Additionally there was alleged in the information a two-year enhancement for use of a firearm under section 12022.5 as to all three counts. As to counts I and III only, a three-year enhancement under section 12022.7 was alleged. As to count I only, a one-year enhancement under section 12022.6, subdivision (a) was alleged.

By amended information filed on December 18, 1981, the day respondent's plea was taken, enhancements under section 667.5, subdivision (b) were alleged as to all three counts. These enhancements grew out of two separate prior felony convictions suffered by respondent.

Respondent admitted all enhancements at the time he entered his plea, including the enhancements in the amended information.

The facts supporting the charges were that respondent and another person entered a jewelry store. Respondent was armed with a handgun, forced the proprietor to open a safe and took diamonds, jewelry and watches valued at $55,000 to $60,000 and $2,000 in cash. The proprietor began to fight with respondent and respondent struck the proprietor in the head several times with the butt of the gun. Respondent then fired several rounds at the proprietor, narrowly missing him.

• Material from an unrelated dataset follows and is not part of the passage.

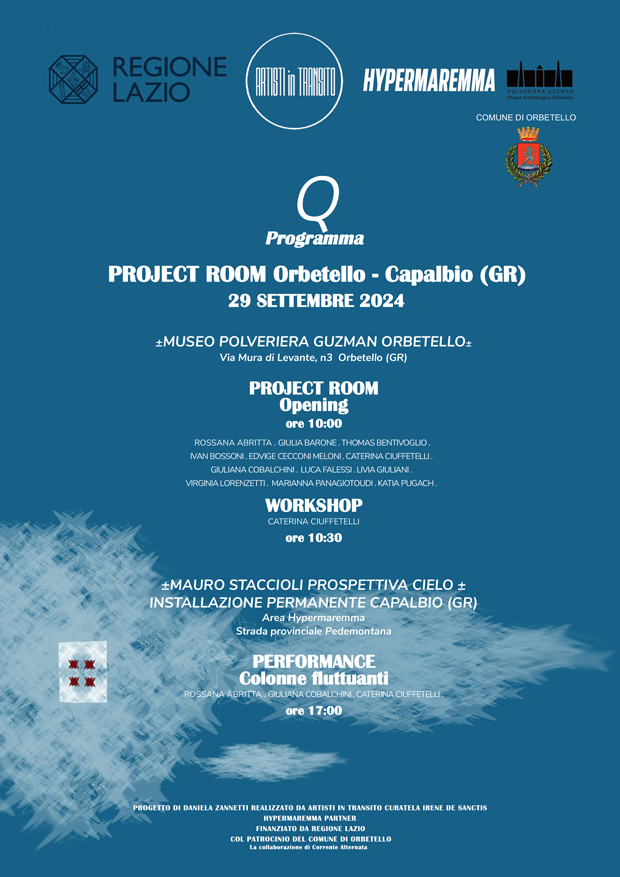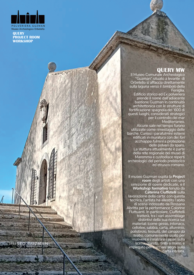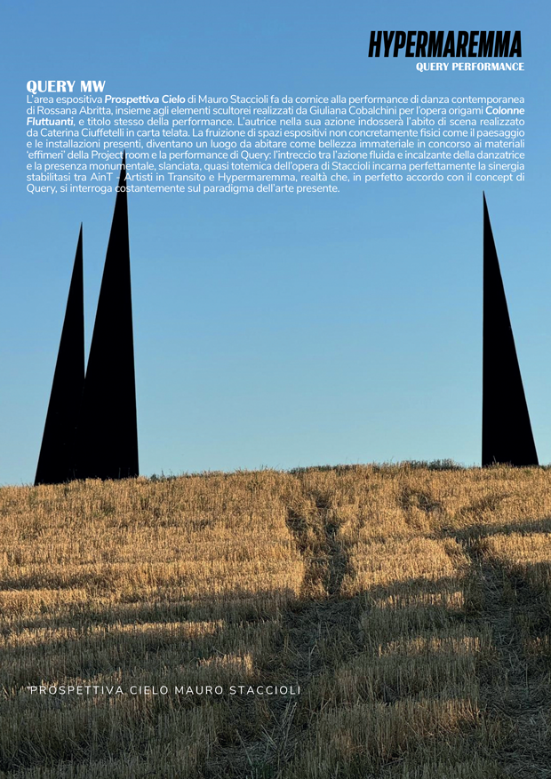 QUERY MW, col patrocinio del comune di Orbetello, transiterà dal 26 al 30 settembre nel Museo Polveriera Guzman, dove si accenderà la project Room degli artisti con materiali leggeri ed effimeri. Seguita dal display espositivo aperto al pubblico il 29 settembre 2024, insieme a un workshop d’arte sul materiale carta tenuto da Caterina Ciuffetelli, e una performance di danza contemporanea in area Land Art Hypermaremma Prospettiva Cielo di Mauro Staccioli, Capalbio, di Rossana Abritta. Insieme agli elementi scultorei realizzati da Giuliana Cobalchini per l’opera origami Colonne Fluttuanti, e titolo stesso della performance. L’autrice nella sua azione indosserà l’abito di scena realizzato da Caterina Ciuffetelli in carta intelata.

In the face of these circumstances, respondent entered a sentence bargain with the court under the terms of which, in exchange for a plea of guilty to all counts and admission of all enhancements, respondent would be sentenced to a total of six years in prison. The People vigorously objected to the bargain at the time the pleas were taken. At the time of sentence on January 14, 1982, the People again made it clear that their side was not a party to any agreement concerning sentence, and observed, "The People feel that Mr. Barela deserves far more than the agreed-upon amount in this particular case." Just before sentence was pronounced, the prosecutor indicated again that the People were not going along with the agreement on the particular sentence in the case.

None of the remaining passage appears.